Balancing HIIT and Cardio
While I reduced the intensity of my workouts, I didn’t eliminate HIIT and cardio. I found a balance by limiting these sessions to short durations. This approach aligns with findings from the ‘Journal of Sport and Health Science,’ which suggest moderate-intensity exercise can be more beneficial than high-intensity exercise for menopausal women, particularly in managing symptoms and improving mental health.

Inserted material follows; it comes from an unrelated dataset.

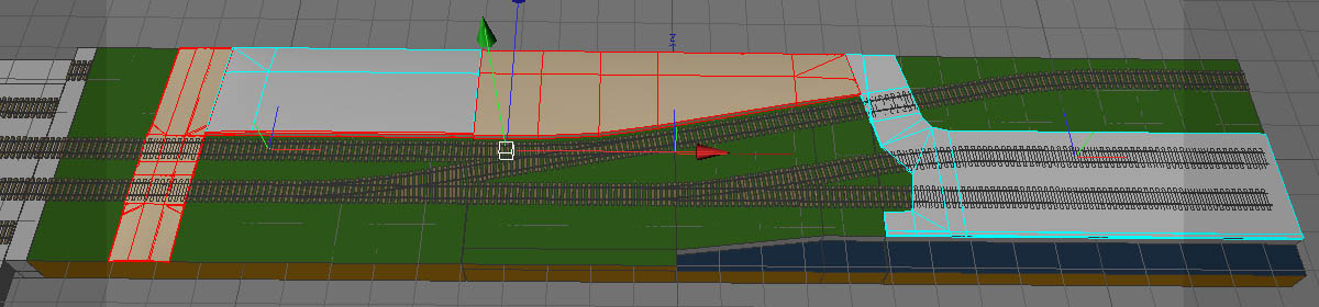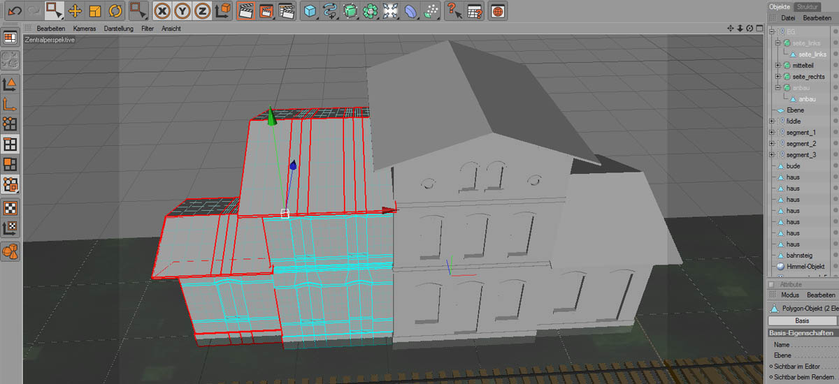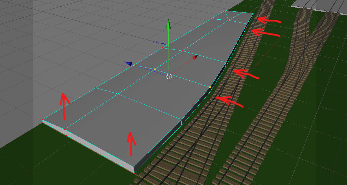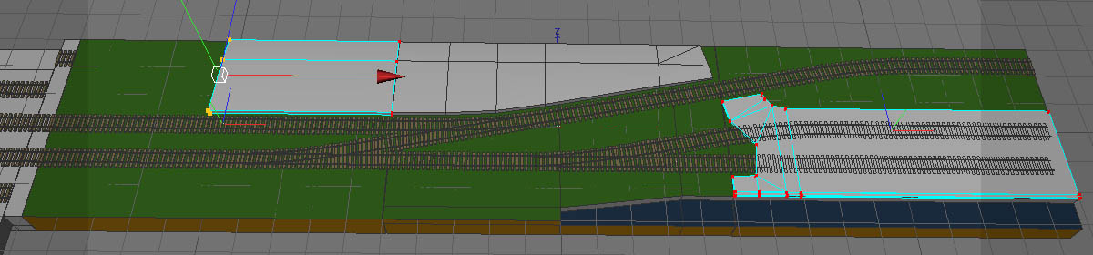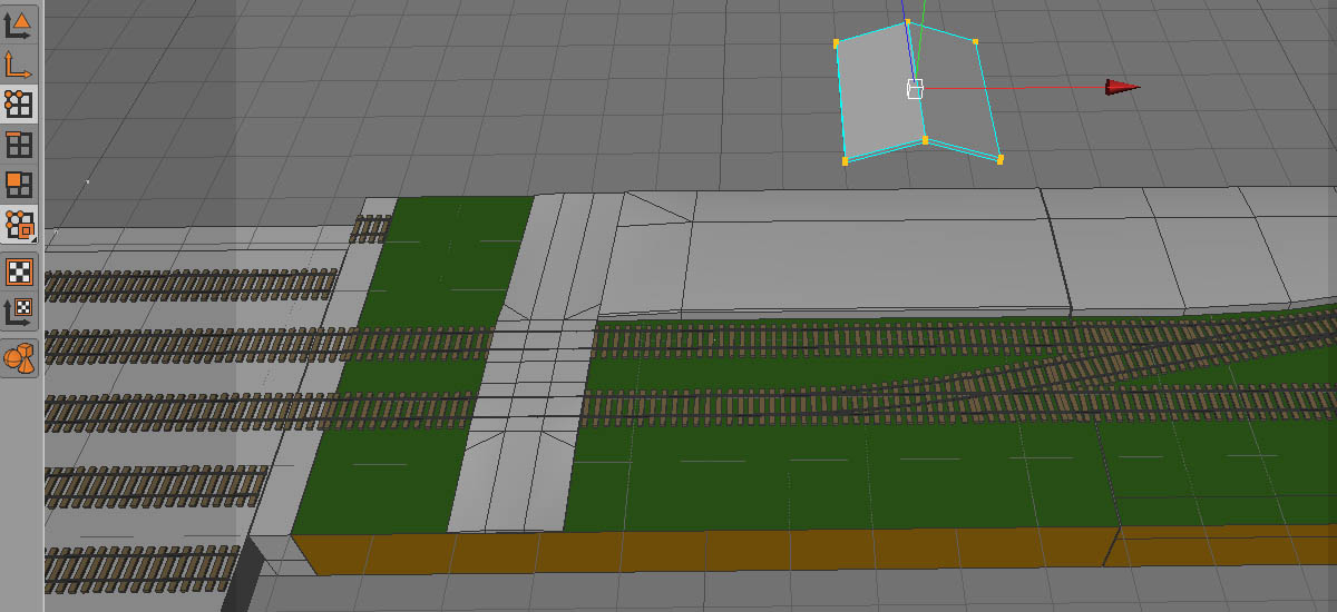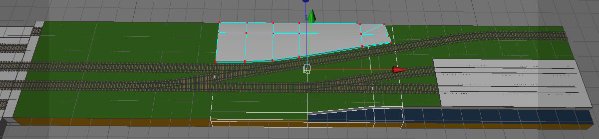 Beim Bahnsteig ist dies bereits angedeutet. An zusätzlichen Einteilungen des Körpers (die man mit einer „Messer“-Funktion sehr einfach herstellt) bilden sich Netzgitter und Punkte. Diese werden entsprechend der gewünschten Form (beim Bahnsteig auch in der Höhe) verschoben.

The Importance of Rest Days
Embracing rest days was a crucial part of my new routine. These days allowed my body to recover and helped prevent the inflammation I previously struggled with. Rest days are not just about physical recovery; they are also essential for mental health. Research in the ‘Journal of Sports Science and Medicine’ shows that adequate rest is crucial for psychological well-being and can help prevent burnout.
Nutrition and Hydration
Alongside changing my workout routine, I also focused on improving my nutrition and hydration. Eating a balanced diet rich in calcium, vitamin D, and protein became essential for supporting my workouts and overall health. Staying well-hydrated, especially during and after workouts, was equally important.
Personal Growth
This journey was not just about physical transformation. It was also a period of immense personal growth. I learned to be kinder to myself, to celebrate small victories, and to be patient with my body’s response to exercise. I found strength in sharing my experiences with others going through similar changes. The support and understanding of a community can be incredibly empowering.
Final Thoughts
My fitness transformation during menopause is more than a personal story; it’s a narrative that resonates with many women undergoing similar experiences. It highlights the importance of adapting our fitness routines as we age and our bodies change.

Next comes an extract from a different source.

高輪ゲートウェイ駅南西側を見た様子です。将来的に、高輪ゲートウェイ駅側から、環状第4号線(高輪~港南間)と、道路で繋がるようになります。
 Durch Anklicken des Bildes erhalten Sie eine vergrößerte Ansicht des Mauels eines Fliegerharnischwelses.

My menopause fitness shift was a discovery, adaptation, and acceptance journey. It taught me the importance of balance, the power of listening to my body, and the value of a supportive community. I hope my story inspires others to approach their fitness journey with patience, understanding, and self-compassion. Remember, every step you take towards understanding and adapting to your body’s needs is a step toward better health and well-being.